What the exercise asks – Given the entries below, would you transcribe exactly the lines starting at the one with "家系が持つ宿命的な運勢を表し" and ending at the one with "在街边小店的看板上,站着一只", both kept, pictures omitted, nothing extra?

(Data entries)
----------------
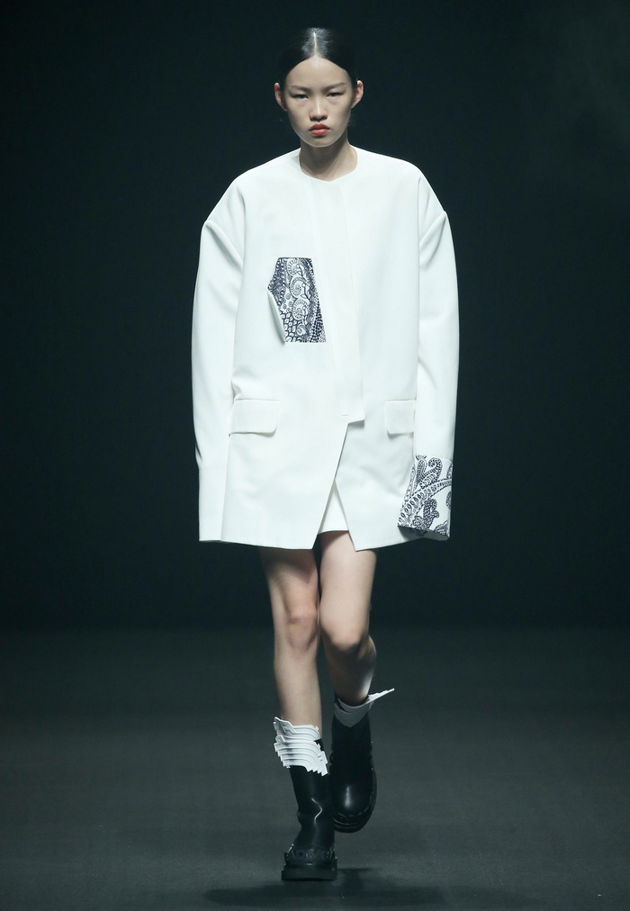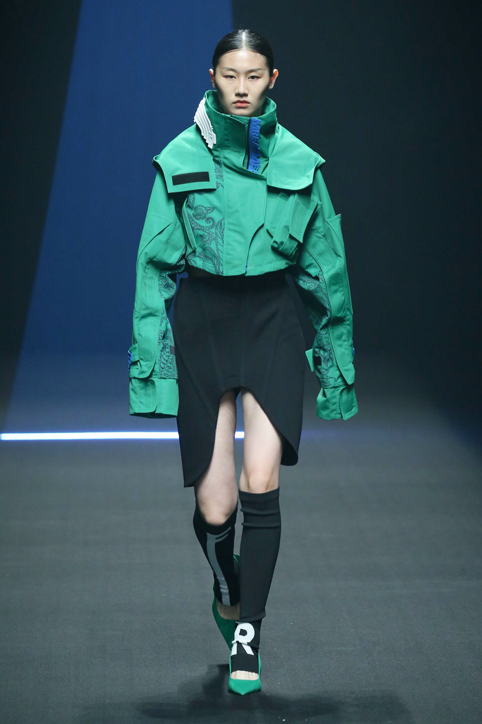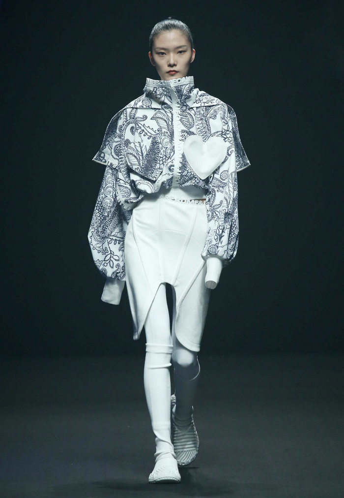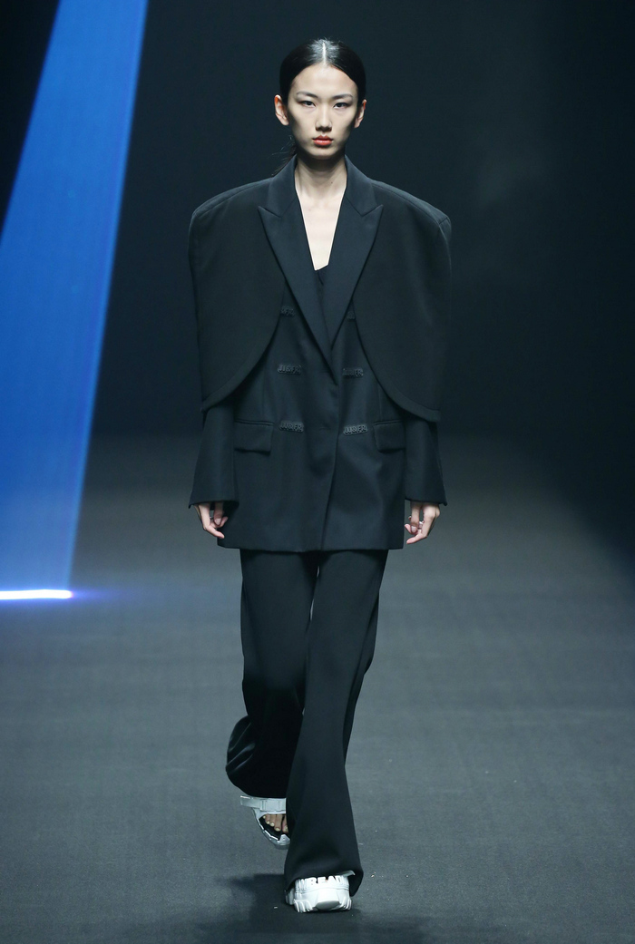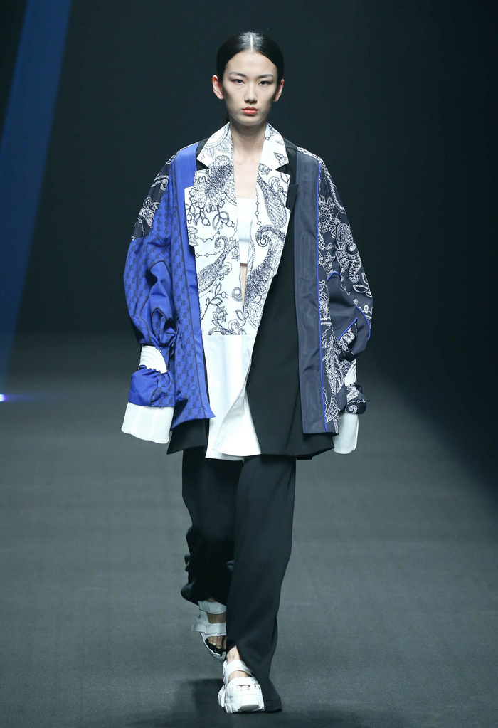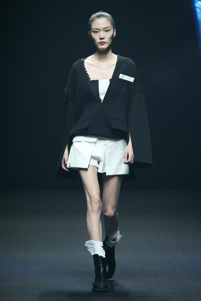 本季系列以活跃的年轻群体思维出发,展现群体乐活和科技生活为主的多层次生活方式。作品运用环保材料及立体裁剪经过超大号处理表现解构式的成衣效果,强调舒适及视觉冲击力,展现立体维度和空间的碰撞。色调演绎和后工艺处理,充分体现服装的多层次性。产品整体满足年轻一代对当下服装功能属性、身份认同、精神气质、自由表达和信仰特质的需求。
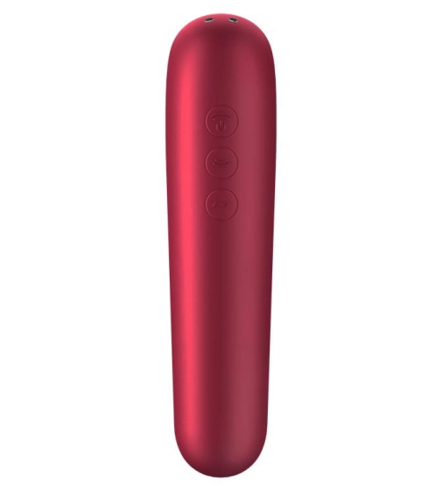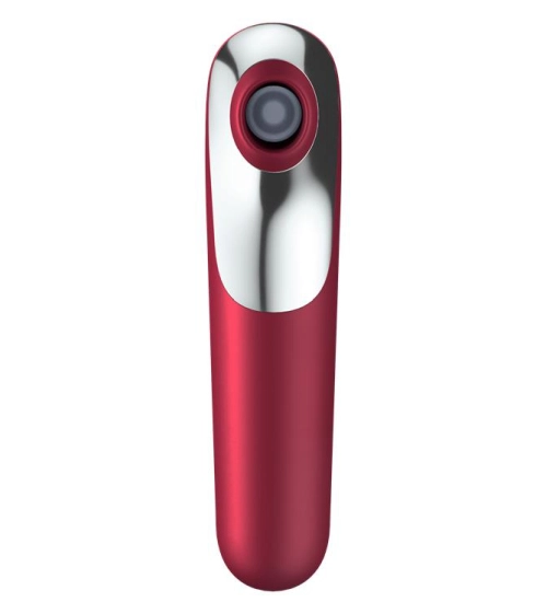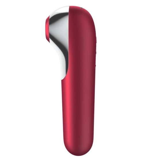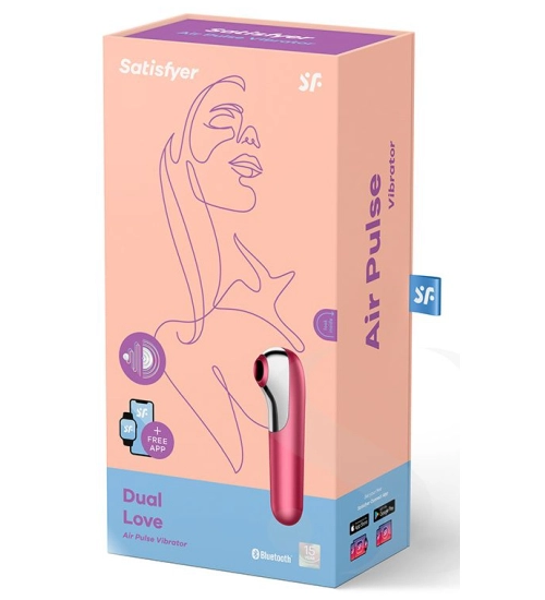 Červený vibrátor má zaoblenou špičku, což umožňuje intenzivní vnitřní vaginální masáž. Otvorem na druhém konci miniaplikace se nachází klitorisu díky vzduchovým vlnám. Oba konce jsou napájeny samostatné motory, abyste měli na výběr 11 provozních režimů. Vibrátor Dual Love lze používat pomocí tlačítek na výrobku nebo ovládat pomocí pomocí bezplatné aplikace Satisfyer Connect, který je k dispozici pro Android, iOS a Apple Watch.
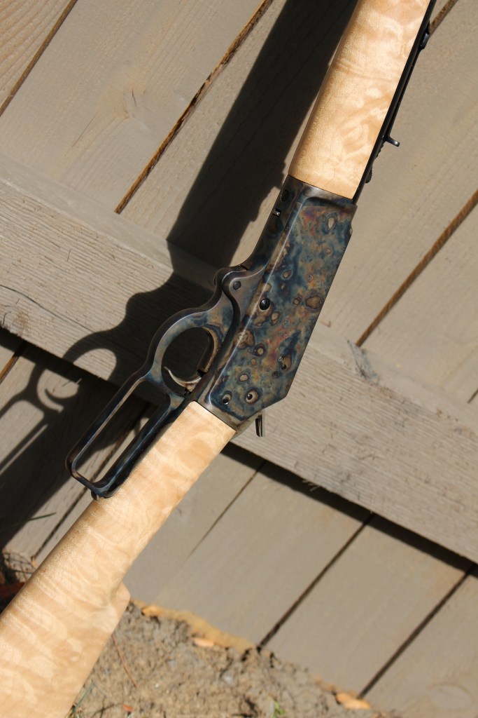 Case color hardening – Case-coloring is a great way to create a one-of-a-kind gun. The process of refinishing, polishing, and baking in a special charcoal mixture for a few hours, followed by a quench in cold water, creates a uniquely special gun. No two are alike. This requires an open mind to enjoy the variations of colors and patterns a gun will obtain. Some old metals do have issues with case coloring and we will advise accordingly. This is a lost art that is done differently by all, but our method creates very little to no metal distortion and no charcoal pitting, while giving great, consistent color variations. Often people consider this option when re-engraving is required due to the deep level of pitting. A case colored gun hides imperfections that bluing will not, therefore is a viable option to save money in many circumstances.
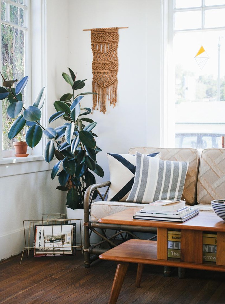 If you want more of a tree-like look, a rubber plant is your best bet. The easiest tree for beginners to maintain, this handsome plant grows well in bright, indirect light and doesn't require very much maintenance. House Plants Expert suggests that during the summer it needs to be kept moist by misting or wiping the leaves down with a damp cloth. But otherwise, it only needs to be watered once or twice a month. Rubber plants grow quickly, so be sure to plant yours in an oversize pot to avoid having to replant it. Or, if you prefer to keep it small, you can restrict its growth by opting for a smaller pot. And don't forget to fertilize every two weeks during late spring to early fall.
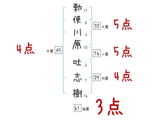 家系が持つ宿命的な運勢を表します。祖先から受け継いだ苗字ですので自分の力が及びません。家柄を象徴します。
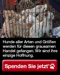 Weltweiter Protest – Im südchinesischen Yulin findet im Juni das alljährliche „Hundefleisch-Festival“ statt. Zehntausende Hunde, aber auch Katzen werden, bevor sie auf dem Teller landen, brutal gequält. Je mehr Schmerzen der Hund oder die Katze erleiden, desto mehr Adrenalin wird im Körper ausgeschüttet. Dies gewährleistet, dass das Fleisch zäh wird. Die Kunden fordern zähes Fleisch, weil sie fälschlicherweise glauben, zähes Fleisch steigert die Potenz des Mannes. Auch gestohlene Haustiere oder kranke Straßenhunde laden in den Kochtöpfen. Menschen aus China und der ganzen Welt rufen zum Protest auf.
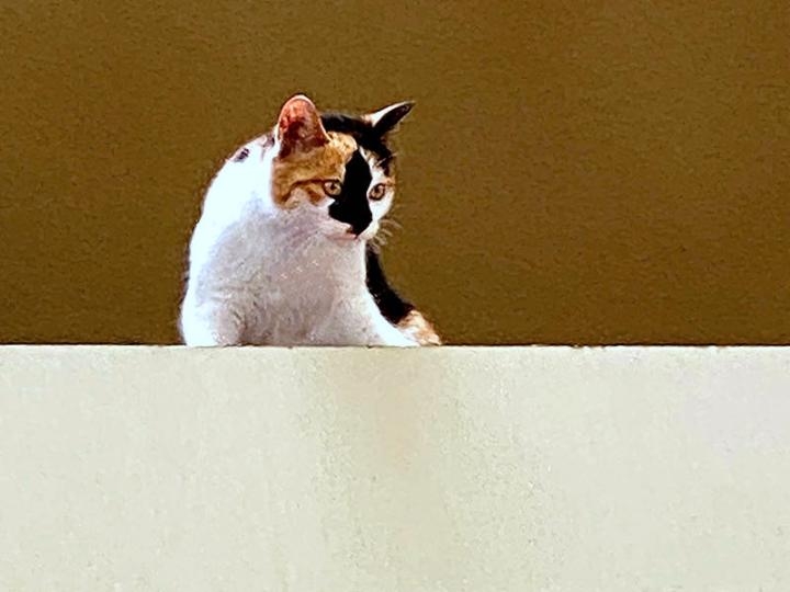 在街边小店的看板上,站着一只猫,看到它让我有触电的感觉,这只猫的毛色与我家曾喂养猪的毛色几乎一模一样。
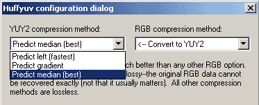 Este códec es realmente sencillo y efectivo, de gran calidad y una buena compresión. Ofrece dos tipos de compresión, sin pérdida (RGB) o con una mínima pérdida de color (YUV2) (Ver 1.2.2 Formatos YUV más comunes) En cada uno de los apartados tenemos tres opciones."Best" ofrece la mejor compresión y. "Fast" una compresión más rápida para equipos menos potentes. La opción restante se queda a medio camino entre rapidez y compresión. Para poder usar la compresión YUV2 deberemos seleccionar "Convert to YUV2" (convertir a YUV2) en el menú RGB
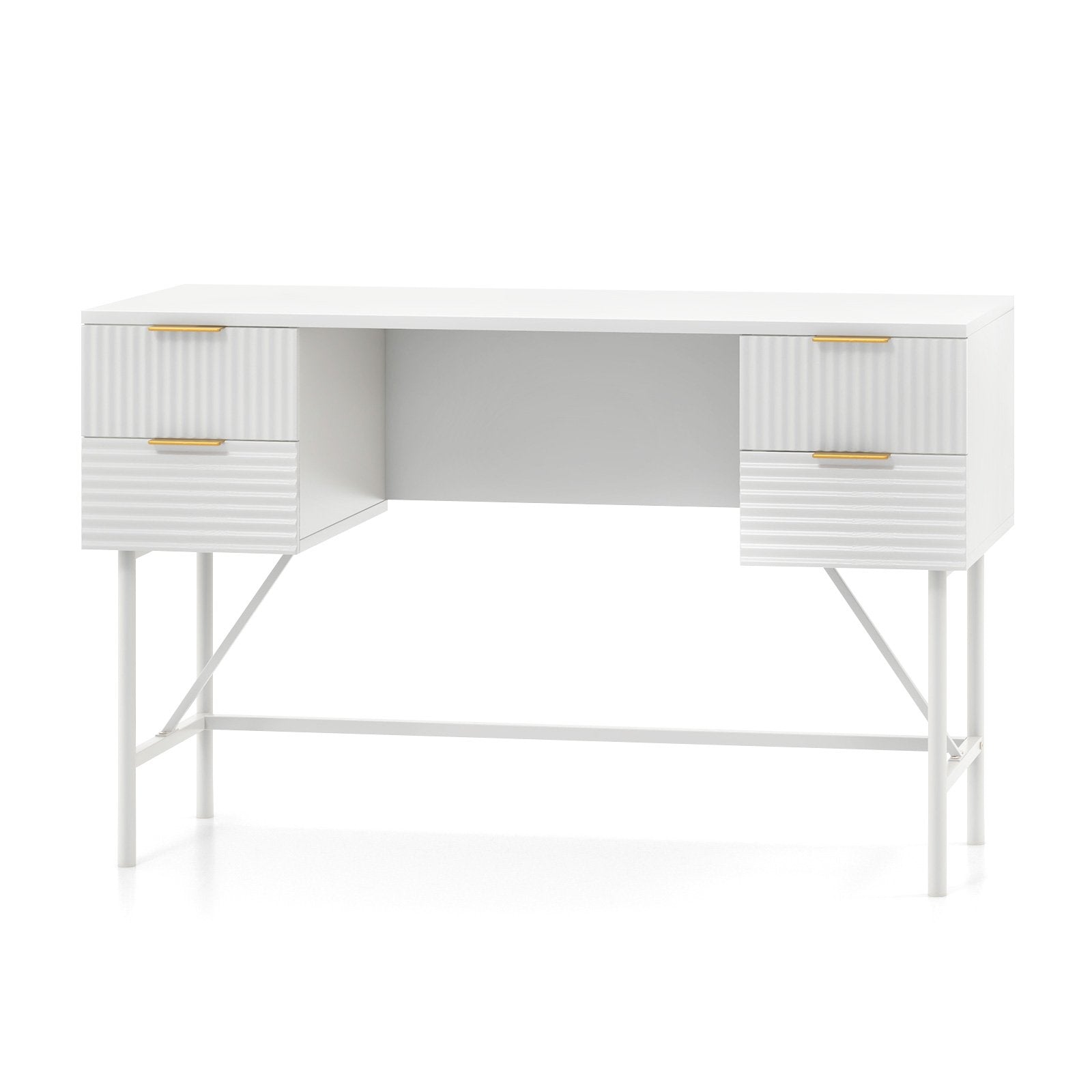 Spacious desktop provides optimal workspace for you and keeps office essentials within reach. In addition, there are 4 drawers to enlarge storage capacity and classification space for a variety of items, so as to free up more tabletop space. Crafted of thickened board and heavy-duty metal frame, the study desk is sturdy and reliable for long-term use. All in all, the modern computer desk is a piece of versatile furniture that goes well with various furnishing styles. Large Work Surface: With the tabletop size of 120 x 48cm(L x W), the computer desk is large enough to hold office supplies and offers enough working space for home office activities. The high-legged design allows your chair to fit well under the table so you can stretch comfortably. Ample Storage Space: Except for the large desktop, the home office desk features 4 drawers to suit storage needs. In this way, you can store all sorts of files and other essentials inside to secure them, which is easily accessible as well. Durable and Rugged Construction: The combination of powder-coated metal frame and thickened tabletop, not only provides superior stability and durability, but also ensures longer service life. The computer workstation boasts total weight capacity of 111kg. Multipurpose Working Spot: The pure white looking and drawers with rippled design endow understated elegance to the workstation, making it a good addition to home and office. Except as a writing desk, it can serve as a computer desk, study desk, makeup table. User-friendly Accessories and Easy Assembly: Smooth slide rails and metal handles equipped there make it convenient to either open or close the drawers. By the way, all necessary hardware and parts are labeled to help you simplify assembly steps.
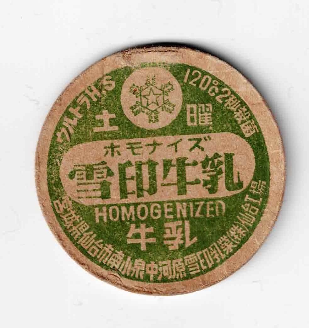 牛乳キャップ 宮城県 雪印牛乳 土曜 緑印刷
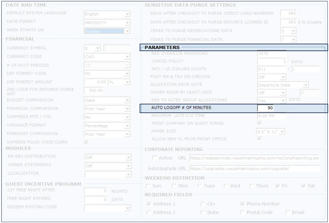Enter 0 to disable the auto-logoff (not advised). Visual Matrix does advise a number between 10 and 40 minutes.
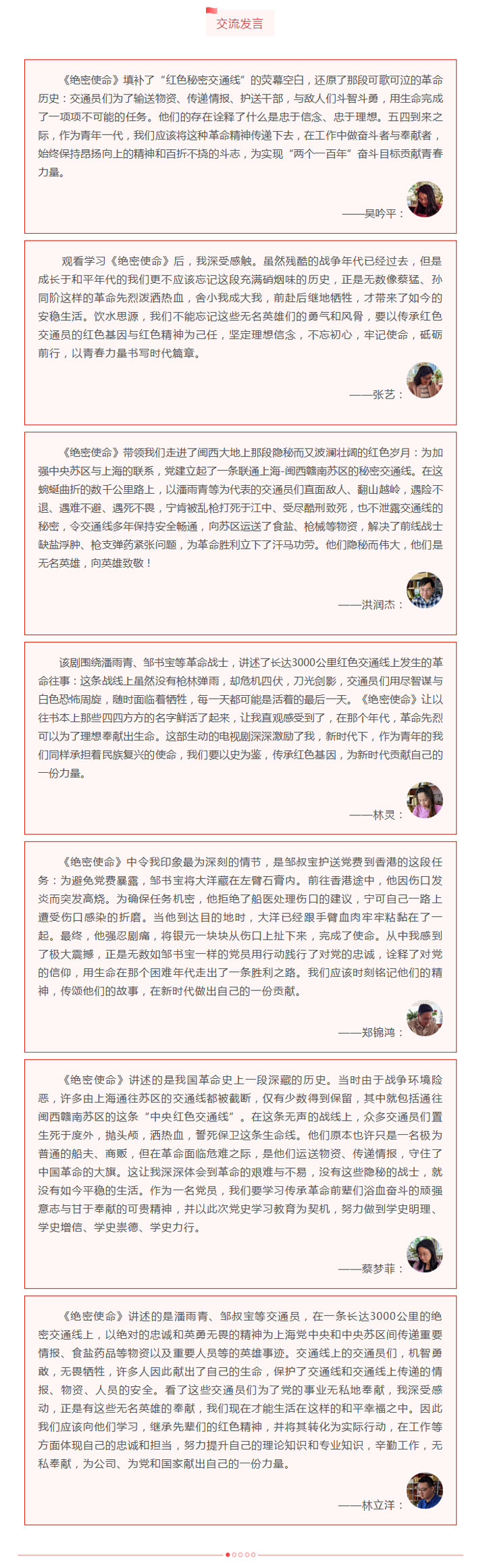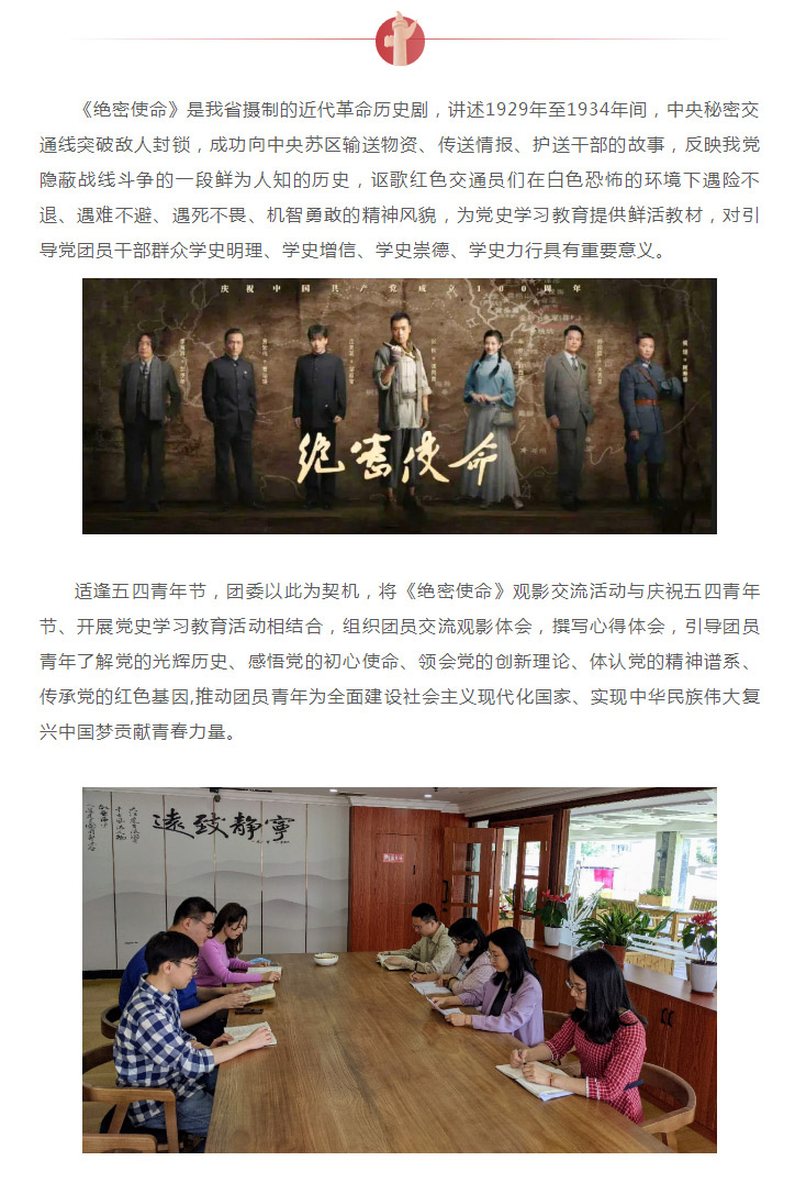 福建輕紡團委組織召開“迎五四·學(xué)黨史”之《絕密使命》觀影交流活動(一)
----------------
Response to this task –
 家系が持つ宿命的な運勢を表します。祖先から受け継いだ苗字ですので自分の力が及びません。家柄を象徴します。
 Weltweiter Protest – Im südchinesischen Yulin findet im Juni das alljährliche „Hundefleisch-Festival“ statt. Zehntausende Hunde, aber auch Katzen werden, bevor sie auf dem Teller landen, brutal gequält. Je mehr Schmerzen der Hund oder die Katze erleiden, desto mehr Adrenalin wird im Körper ausgeschüttet. Dies gewährleistet, dass das Fleisch zäh wird. Die Kunden fordern zähes Fleisch, weil sie fälschlicherweise glauben, zähes Fleisch steigert die Potenz des Mannes. Auch gestohlene Haustiere oder kranke Straßenhunde laden in den Kochtöpfen. Menschen aus China und der ganzen Welt rufen zum Protest auf.
 在街边小店的看板上,站着一只猫,看到它让我有触电的感觉,这只猫的毛色与我家曾喂养猪的毛色几乎一模一样。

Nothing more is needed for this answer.